Salehi ist im Atomstreit mit dem Westen ein Mann der ersten Stunde. Als vor gut zehn Jahren die Existenz von bis dahin geheim gehaltenen Atomanlagen bekannt wurde, leitete er die iranische Atomenergiebehörde. Geändert hat sich in der Auseinandersetzung seitdem eigentlich nichts. Der Westen wirft dem Iran immer noch vor, eine Atombombe bauen zu wollen. Und der Iran bestreitet das.

In München saß Salehi auf dem Podium der Sicherheitskonferenz wie ein Angeklagter, der lieber zum Gegenangriff ausholt als sich zu verteidigen. „Woher wissen Sie denn eigentlich, dass das iranische Atomprogramm nicht friedlich ist?“, sagte er. „Wer hat denn die Beweislast: der Kläger oder der Angeklagte?“

Am Tag zuvor hatte US-Vizepräsident Joe Biden dem Iran ein Angebot gemacht: Direkte Verhandlungen zwischen Teheran und Washington - aber nur, wenn der Iran es erst meint. So etwas hat es seit zehn Jahren nicht gegeben.

Wer auf dem diplomatischen Parkett die ausgestreckte Hand von vorneherein zurückweist, hat verloren. Also zeigte sich auch Salehi gesprächsbereit, stellte aber hurtig Bedingungen: „Es ist widersprüchlich, wenn Sie auf der einen Seite mit dem Iran über Atomfragen verhandeln wollen und auf der anderen Seite drohend reden und Druck ausüben - das ist nicht miteinander vereinbar.“ Ein klarer Hinweis auf die Sanktionen, die dem Iran massiv zu schaffen machen. Wie ernst beiden Seiten ihre Gesprächsbereitschaft ist, wird sich zeigen.

So gut wie keine Bewegung gab es in München in der Syrien-Krise, die bereits vor einem Jahr hier Hauptthema war. Damals hatten China und Russland eine Resolution im UN-Sicherheitsrat blockiert. An der Spaltung der Staatengemeinschaft hat sich seitdem nichts geändert.
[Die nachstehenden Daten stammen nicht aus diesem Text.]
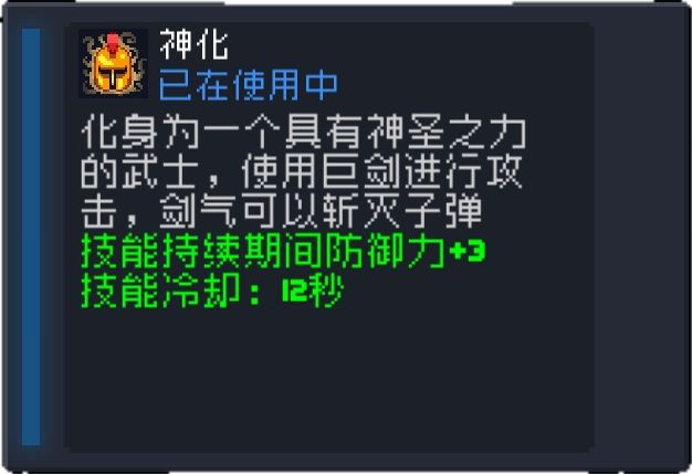 技能CD为12秒,使用后变成一个神圣武士,持续7秒(导师加强后为13秒,并且攻速翻倍),技能持续期间能发射剑气,剑气能斩灭子弹(拥有近战反弹后剑气能反弹子弹),剑气初始1秒发射1次,伤害为10点(可以暴击,并且被剑柄打到的敌人会再额外受到10点伤害),角色强化到5星后技能持续期间防御+2
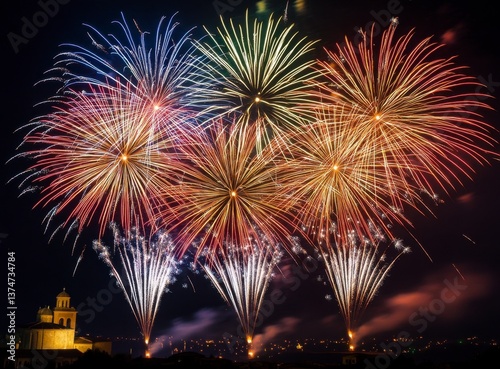 Colorful Fireworks Display Over Cityscape for Festive Celebrations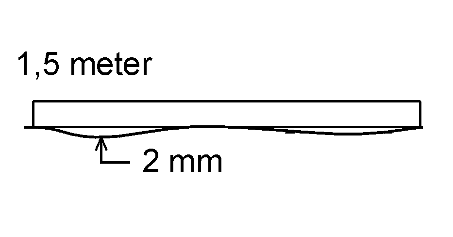The sub-floor must be levelled to a tolerance of no more than 2 mm gap showing under a 1.5 m straight edge (UK: No more than a 3 mm gap showing under a 2 m straight edge).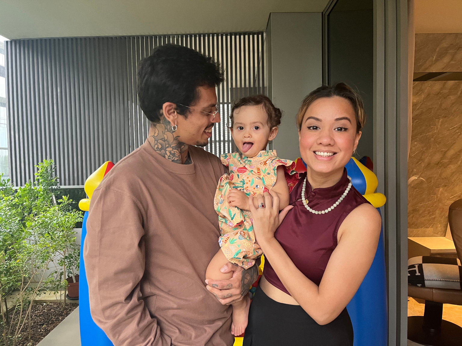 Kiss 92FM DJ Jill Lim (right) with her husband, Mr K.C Meals and daughter Lily Indie Meals.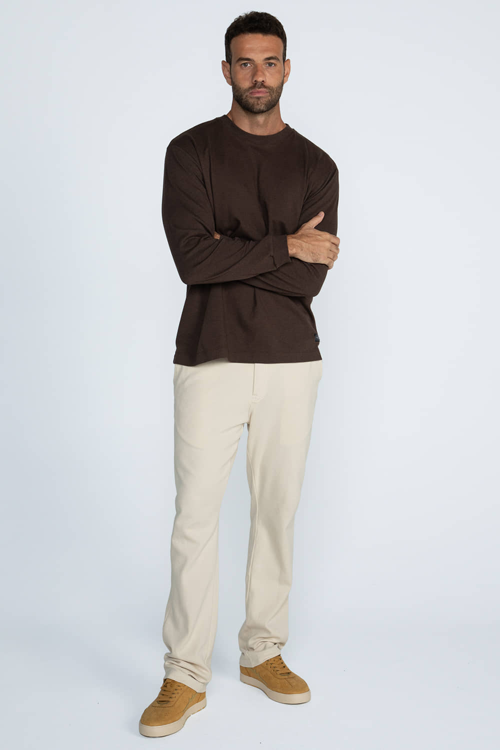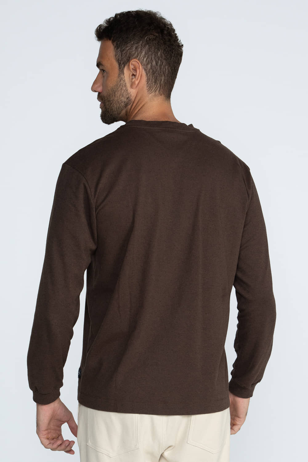 Camiseta manga longa com modelagem ampla e confortável. Possui etiqueta frontal, gola redonda com acabamento em ribana, punhos em ribana e barra com bainha. A peça apresenta toque macio e caimento leve.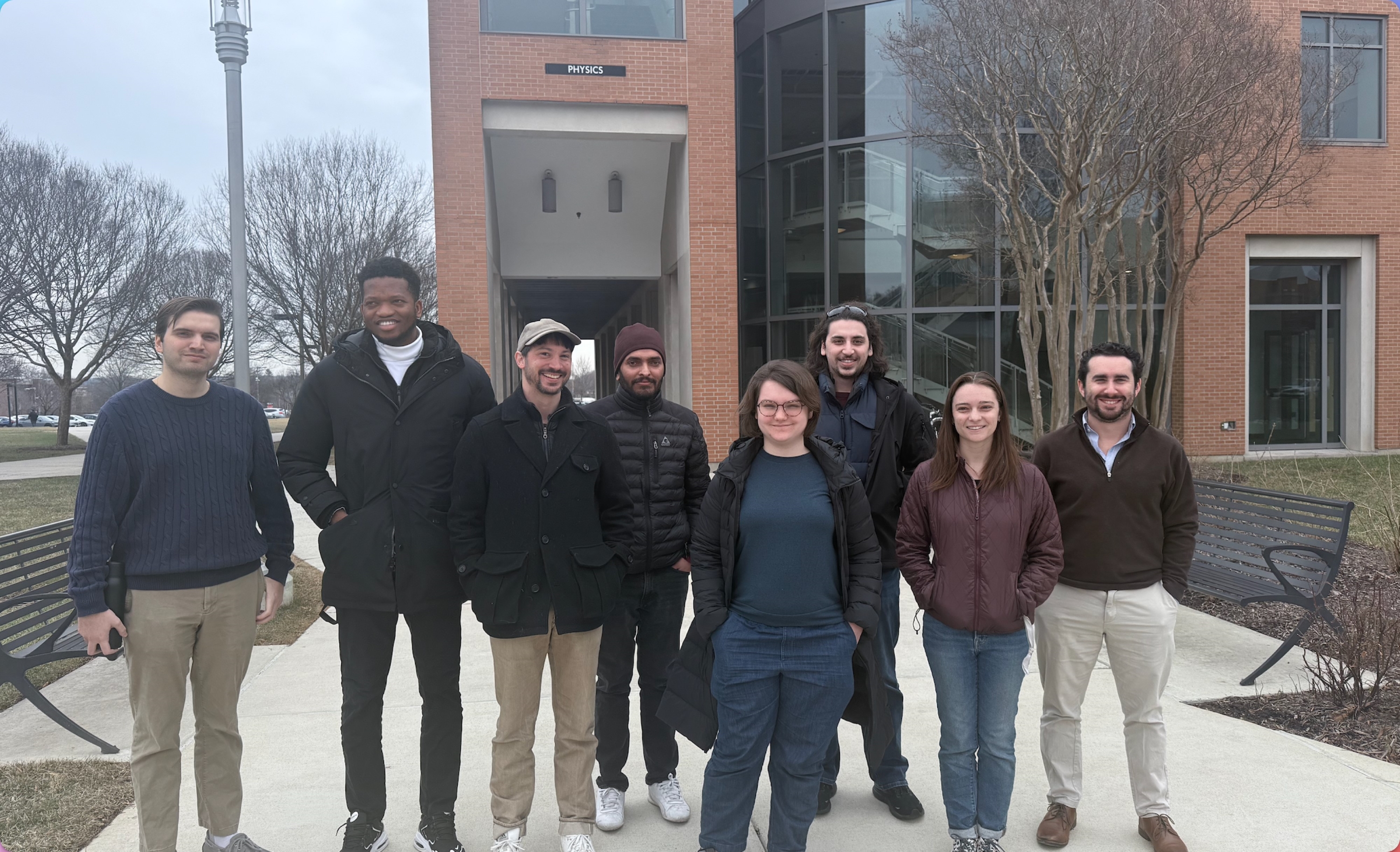 Photo: First colloquium attendees included graduate students along with Dr. Brent McBride outside of the Physics Building. (Credit: Z. Zhang.)

Russland bleibt Schutzmacht Syriens, hat weiterhin China und den Iran auf seiner Seite - und praktisch den Rest der Welt gegen sich.
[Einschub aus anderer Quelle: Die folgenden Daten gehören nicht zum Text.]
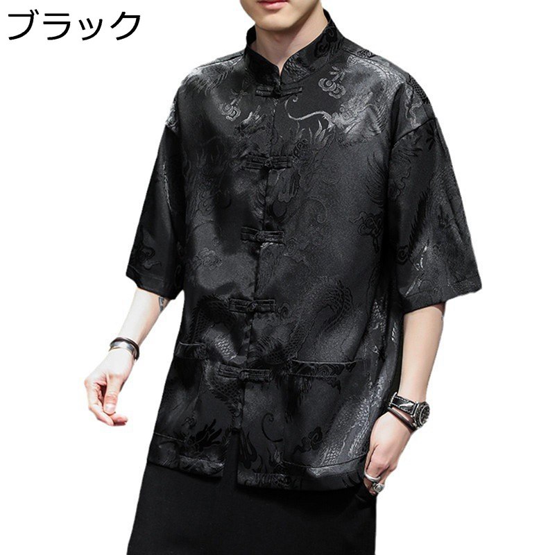 唐装 チャイナシャツ メンズ 半袖 龍柄 中華風 薄手 漢服 伝統服 チャイナボタン 上着 武術シャツ 大きいサイズ ファッション カッコイイ アウトドア 旅行 耐久性 通気性 軽量 涼しい 夏服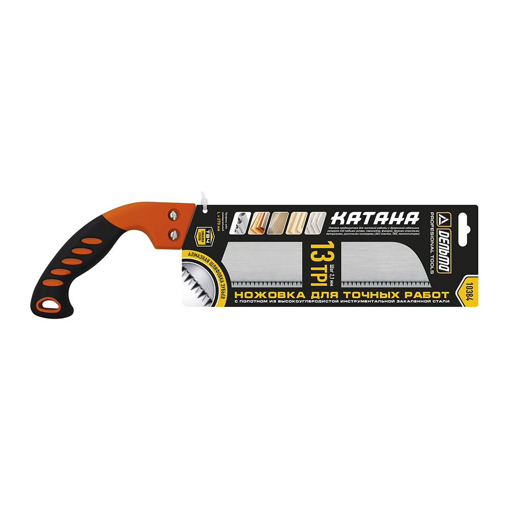 Предназначена для чистовой работы с древесиной небольших размеров под любыми углами, ламинатом, фанерой, другими слоистыми материалами, различными полимерами (АБС пластик, ПВХ, пенополистирол). Тонкое полотно изготовлено из высокоуглеродистой закаленной и полированной стали марки 65Г. Зубья выполнены алмазной шлифовкой и подвергнуты импульсной закалке ТВЧ, обеспечивающей высокую твердость и износостойкость. Эргономичная двухкомпонентная пистолетная рукоятка обеспечивает нескользящий захват, удобный угол резания и эффективное комфортное пиление.

Bei der diesjährigen Konferenz gab es zwar viele, viele Gespräche zwischen beiden Seiten, aber keine neue Hoffnung auf eine Lösung. Es herrscht Ratlosigkeit. Wie verfahren und unübersichtlich die Lage in dem arabischen Land inzwischen ist, machte Verteidigungsminister Thomas de Maizière deutlich. Er habe zwar allerlei Erkenntnisse über den Konflikt, sagte er. Und fügte hinzu: „Aber ich fühle mich trotz allem außer Stande, eine gute Aussage über die tatsächlichen Machtverhältnisse und den Ablauf des Bürgerkriegs zu machen.“

Die guten Nachrichten waren also wieder Mangelware auf der Sicherheitskonferenz, die sich nun schon seit fast 50 Jahren mit den Kriegen und Krisen dieser Welt beschäftigt. Bei den deutschen Teilnehmern kam vor allem eine Botschaft gut an. Die Versicherung von US-Vizepräsident Biden, dass Europa für Washington auch künftig der Partner Nummer eins vor Asien bleibt: „Sie bleiben unsere ältesten und unsere engsten Verbündeten.“ Quasi als Freundschaftsbeweis sprach sich Biden für eine transatlantische Freihandelszone aus.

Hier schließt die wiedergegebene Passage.